Posted by Casey Dreier

2013/04/06 09:11 CDT

Topics: Space Policy, FY2013 NASA Budget

Some troubling reports from SpaceNews, reporting that despite a $223 million boost from Congress, NASA's Planetary Science Division may not be allowed to use that money so the agency can prevent cuts in other programs.

From the (paywalled) article:

NASA's Planetary Science Division, which Congress favored with a $200 million increase in the Full-Year Continuing Appropriations Act of 2013 (H.R. 933) that President Barack Obama signed into law March 26, is expected to lose most if not all of that money as sequestration siphons some $900 million off the agency’s enacted $17.5 billion top line.

In order to protect higher-priority programs...NASA will be cutting lower-priority programs, including planetary science, by more than 5 percent.

The article goes on to say that no one knows how much money Planetary Science will have (or not have) until the Agency's operating plan is submitted to Congress next month. Remember, this is the 2013 budget that passed Congress two weeks ago, not the 2014 proposal that will come out next week.

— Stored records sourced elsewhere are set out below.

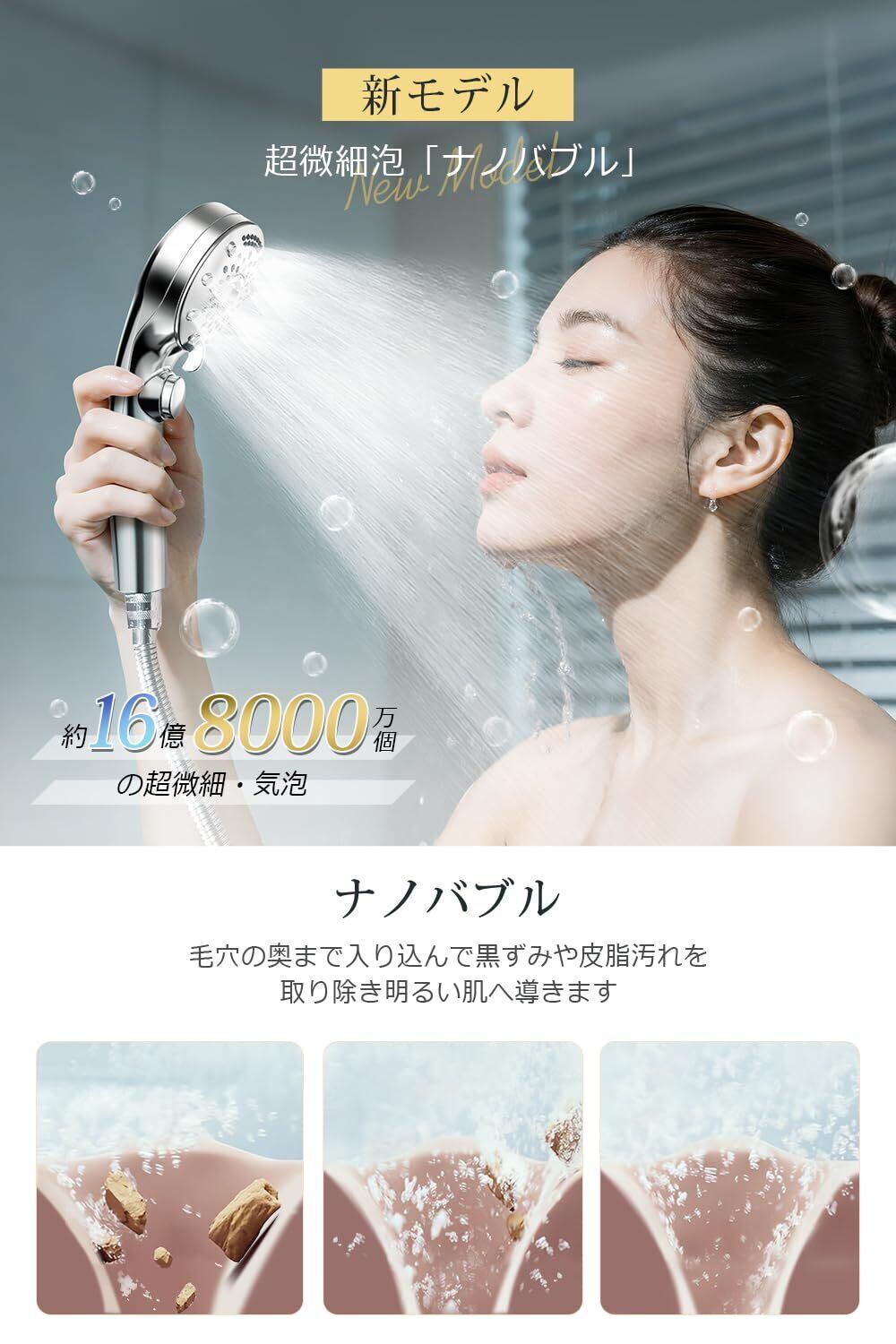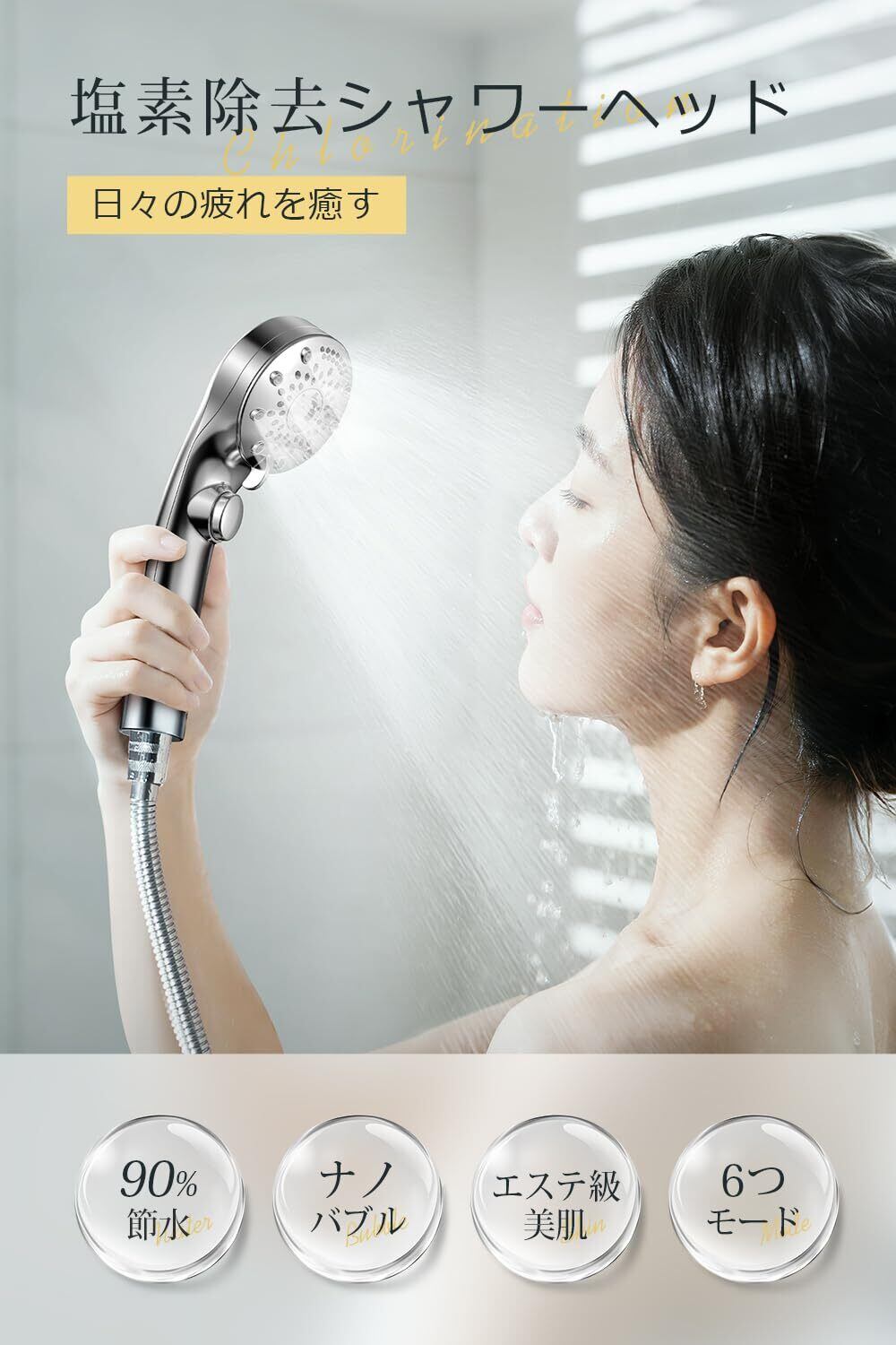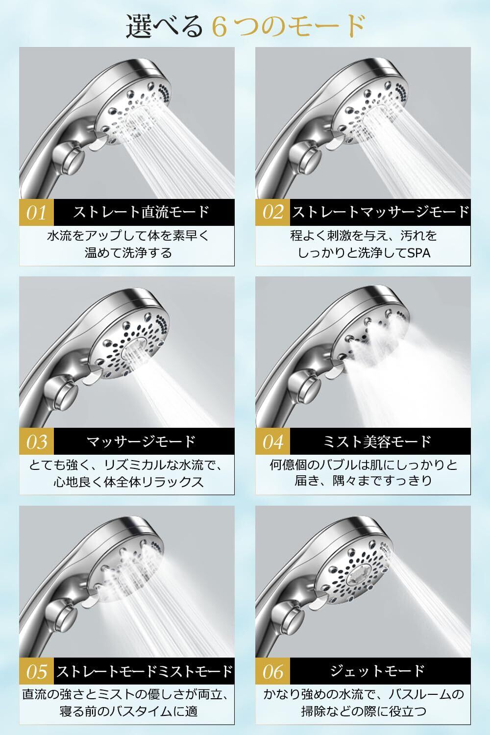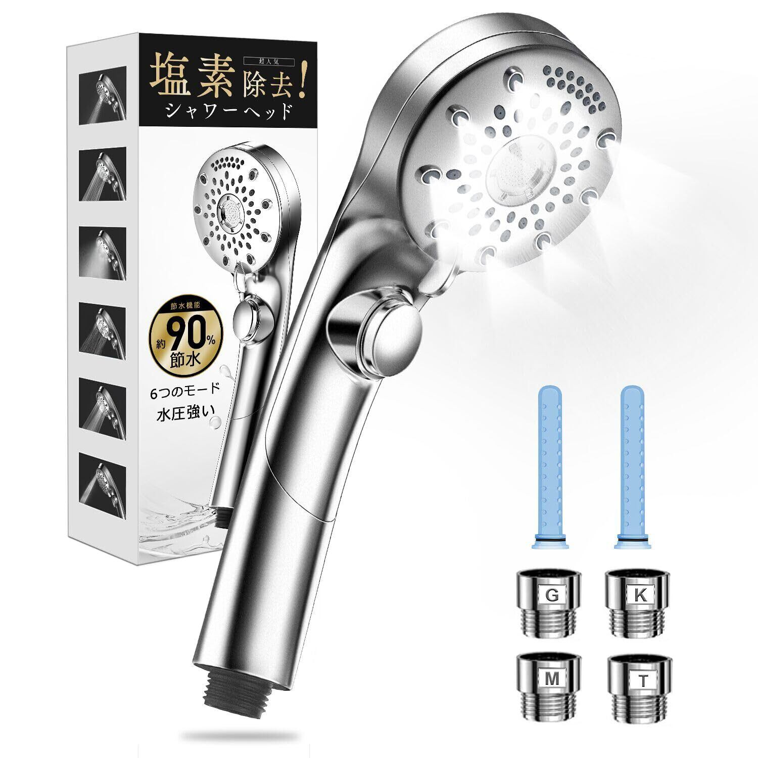 シャワーヘッド マイクロナノバブル 【90%超節水・髪しっとり塩素除去・頭皮まで洗浄】 シャワーヘッド 節水 高水圧 手元止水 ミストシャワーヘッド ナノバブル 超微細泡 極細水流 6段階水流 肌ケア 美髪 毛穴汚れ除去 増圧設計 高洗浄力 保温 保湿 うるおい 水漏れ防止 取り付け簡単 4種類アダプター付き
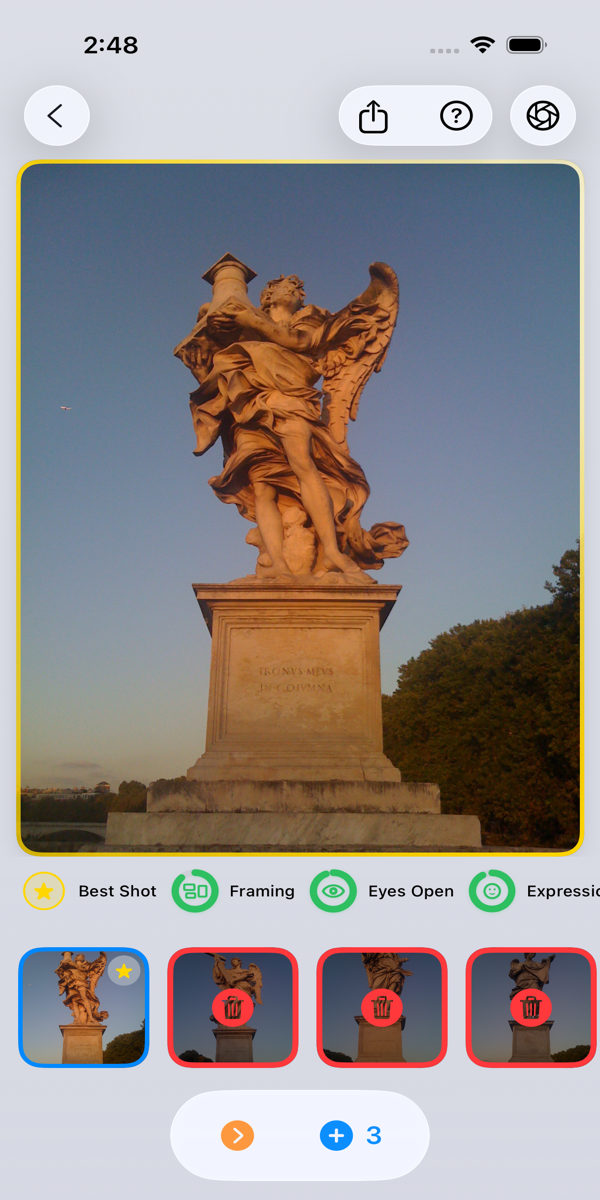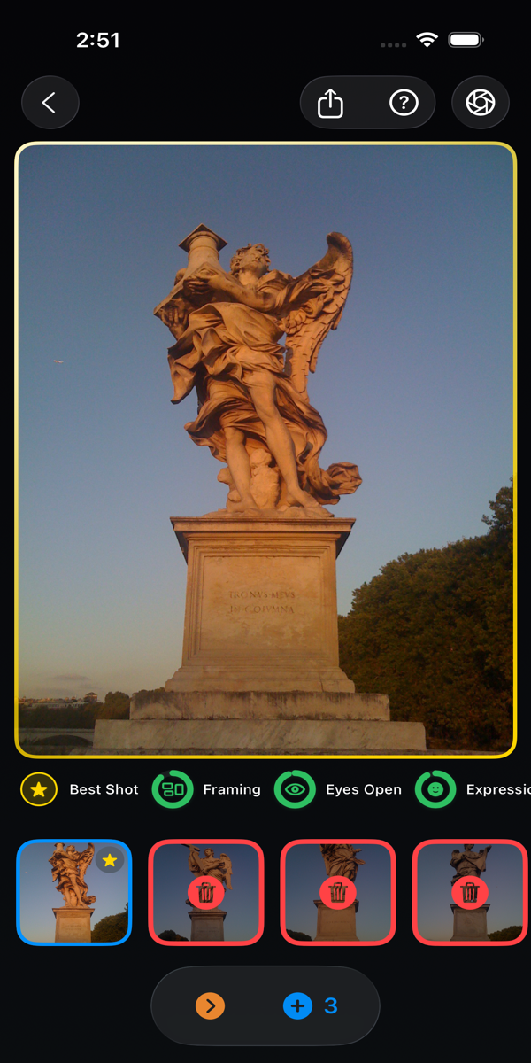 Evaluates sharpness, exposure, and color balance to identify the best shot technically
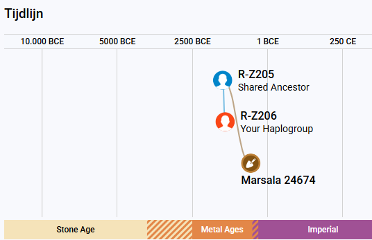 Archeologische oud Y-dna matches op SNP Z205
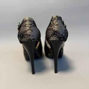 The Guess Gwhondola is a glamorous peep-toe platform pump featuring black lace over a contrasting base (often nude or gold satin). It is designed with a high stiletto heel and a hidden platform for added comfort and height. The shoe secures with a sleek slingback ankle strap and buckle closure, creating a sophisticated and dressy silhouette perfect for evening events.
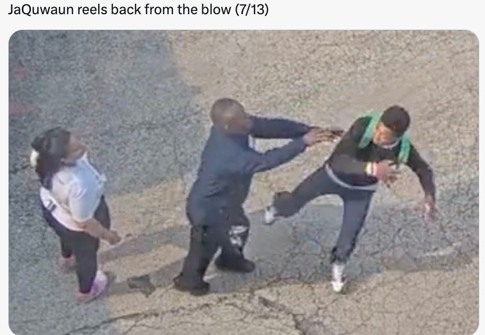 Just muttering to himself? The images — specifically the reactions of the bystanders — don’t suggest that, either. But JaQuwaun’s allegedly “belligerent remarks” would have to be awfully threatening — not merely insulting or disrespectful — to justify striking him, and his body language doesn’t suggest he was posing an actual threat to anyone.
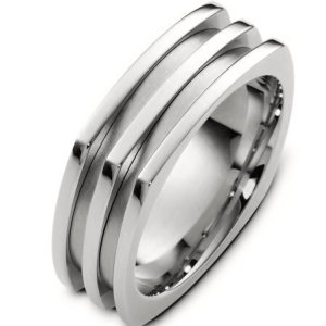 14K white gold, comfort fit, 7.5 mm wide wedding band. The two lower bands inlayed in the ring have a matte finish and the rest of the band is polished. Different finishes may be selected or specified.

Obviously, this is hugely troubling news if this comes to pass. We're following this extremely closely. Congress made a strong statement of support for Planetary Science by rejecting the proposed cut this year. For NASA to "reprogram" that money out to other priorities would be heartbreaking.

More to come.

 

Or read more blog entries about: Space Policy, FY2013 NASA Budget

Comments:

Bob Ware: 04/06/2013 12:55 CDT

Casey - With SpaceX Heavy Lifter *, can we find a mission from another agency and launch it privately and at the same piggy back our SolarSail S/C onto the vehicle? -- an alternate, can we hitch a ride for free on a Flight Test of their Heavy Lifter? * Post R&D when the full up Full up Flight Test occurs

David Frankis: 04/08/2013 06:26 CDT

Meanwhile, I see TESS has been selected in the Explorer program, so not all bad news for planetary science, even if not in Planetary Science.